Friday 12 April 2019

The Comparison Trap

Last summer I was at a conference and sat next to a lady at one meal. We got chatting. She was probably in her 60s, a doctor, working in a village in Papua New Guinea. She was single and she told me about her work, that there had been quite a few families working in that village at one time but now it was just her and another single lady left. And then later she shared at a conference session later about different problems there had been but how God had been faithful through them.

As we finished our meal, my unspoken thought was that she was the real deal of what a worker looked like. I mean, she had spent many years working in such a remote and far off place, lived without access to many things that we take for granted in the UK, was exposed to so many physical hardships - and that was without even considering the pressures of work, the realities of singleness, the spiritual battle. I have so much admiration for her. Compared to her life, I didn't think my life was that hard at all.

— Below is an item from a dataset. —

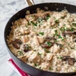 This stovetop creamy chicken and rice dish is a comforting and hearty meal perfect for busy weeknights. Tender chicken, sautéed mushrooms, and aromatic seasonings combine with creamy cheese and milk to create a satisfying one-pan dinner.
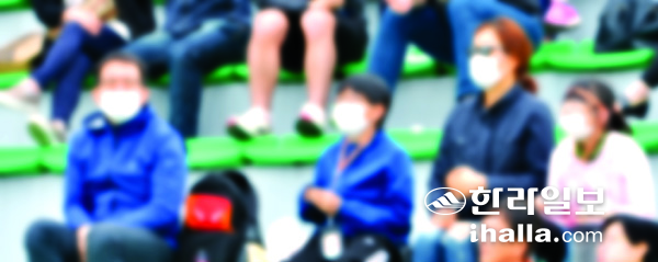 | 축구경기장을 찾은 관람객들이 마스크를 착용한 채 축구 경기를 지켜보고 있다. 사진=한라일보DB |

But then she floored me. I'd shared a bit of where we lived and what we were doing and she turned to me and told me that she didn't think she could live where we lived when it was such a spiritual stronghold of another religion.

I wanted to point out that in many ways, my life is so much easier than hers. At that time, we'd just spent two years living in Istanbul, where we had excellent public transport and shopping centres and broadband Internet and friends who spoke English. Where people could come and visit us relatively easily. Where the Mediterranean coast was a package holiday destination. That I'd been blessed with a husband to do all the transition of moving to a new country together with and two lovely children. I mean, it wasn't necessarily easy. There were enough power and water cuts, cultural adjustments and other issues to confirm that. But if it wasn't easy, it had to be easier.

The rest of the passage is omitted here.